MySQL optimization tips

This is my list of the most commonly used and shared ideas on improving MySQL performance. I will update this periodically because listing all tips at once would take too much time. 😄 I tried to keep the points simple and short.

Decrease number of connections to database

RDBMS are ACID due to that fact most of the databases work on single thread. CPU to fake concurrent work (like playing music, moving mouse, and processing video) uses context switching. Context switching is a process of saving data stored in CPU registers and restoring different data to CPU registers from cache memory. More info If you try to send many queries to database at once, concurrently by using multiple connections this will decrease performance. CPU will start switching the context more often to fake that concurrency and process every query “at the same time”. Lower number of connections to database will queue queries and let the database to finish work faster.

What server for a database?

Choosing a good server for a database we can sum up to following points:

high cache memory
can be single-threaded
high disk I/O (SSD)
RAM is not that important as CPU and fast disk I/O

Use indexes

Instead of creating multiple indexes with one column, create indexes with multiple columns, and use them correctly. The column order in an index must be exactly the same as column order in where clause.

Use window functions

All major RDBMS supports window functions and since 2018 MySQL 8.0 also have it!

Use interval for dates

Let’s imagine you can to query transactions between specific dates o from last 30 days.

WHERE 
    DATE(created_at) > '2021-02-23'

Don’t write date comparisons that way. It cannot use an index involving created_at because it is hidden in DATE() function call. Write instead:

WHERE 
    DATE(created_at) > NOW() - INTERVAL 30 days

Summary tables

Create summary tables with redundant data. Sounds crazy? Ya, I know, but the idea isn’t new, and I’m not the original author of this concept. Sometimes when your database is near the edge of performance and there are many reasons to not upgrade it (costs!) then you can consider creating summary tables.

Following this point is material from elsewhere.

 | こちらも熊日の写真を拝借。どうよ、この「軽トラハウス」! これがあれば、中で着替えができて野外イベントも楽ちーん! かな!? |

Creating complex queries and optimizing it sounds fun, but once your query have over 140 lines it’s getting worse. You can pack them into SQL views or common table expresion, but constant updating it makes it really annoying in maintenance.

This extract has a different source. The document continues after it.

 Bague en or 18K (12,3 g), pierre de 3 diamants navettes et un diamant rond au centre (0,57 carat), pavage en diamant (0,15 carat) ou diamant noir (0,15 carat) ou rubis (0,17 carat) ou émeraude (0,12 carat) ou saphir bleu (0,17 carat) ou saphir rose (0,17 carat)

Here is how it looks. Let’s image I have many online stores. Each of them make some transactions with different payment types, like credit_card, cash. Everything works good when you have only a few stores and number of transactions is fairly low. Reports are generated in a few seconds (max 3 seconds are acceptable). It’s getting slower when you have more and more transactions over time. You start with query optimization, adding indexes, checking the SQL engine and stuff. You can spin up a faster instance for a database and double the costs. On the other hand people are querying this data not so much often. It would be a huge waste of resources and money.

Summary tables for the rescue 🥸

datetime	`credit_card`	`cash`	average	sum	store_id
2019-10-01	543	14	15.2	8263	1
2019-10-02	263	56	12.4	8472	2
2019-10-01	853	58	6.8	9272	1
2019-10-02	873	43	5.2	7930	2

Transactions are stored in date groups. Now, you have to deal with much smaller number of rows to fetch and query. If store makes ~500 transactions each day, and you group them into days this will decrease number of potentially processed rows by 500. Instead of dealing with 100_000_000 rows, now you can just work only 2 millions.

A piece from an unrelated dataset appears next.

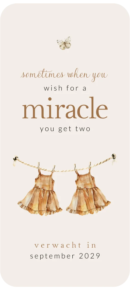 Verwachten jullie een tweeling en willen jullie de zwangerschap op een eenvoudige maar ook mooie manier aankondigen? Kies dan voor deze lieve digitale zwangerschapsaankondiging voor een tweeling. Op de digitale aankondiging zie je aan een lijntje twee jurkjes hangen. De aankondiging heeft een mooie vintage uitstraling in beige met bruine tinten.

You can update the summary table using SQL triggers, invoke code periodically in application to update it or calculate it in real-time in application code when a new transaction is inserted.

Checkout also star schema and snowflake schema. It more advanced structure which is used to keep multi-dimensional data in SQL. Above example is just a easy to introduce solution. :)

Use different technology

There are many services out there which can help in optimization. Instead of using you SQL database for every search, you can try out combine 2 technologies.

ElasticSearch

Use ElasticSearch for better full text searches. Using like keyword in SQL databases is not that efficient as in specialized tools for that job.

Apache Lucene

Instead, using whole ElasticSearch service you can just take advantage from Lucene indexes (which are used in ElasticSearch). For Java and Hibernate you can use Hibernate Search extension.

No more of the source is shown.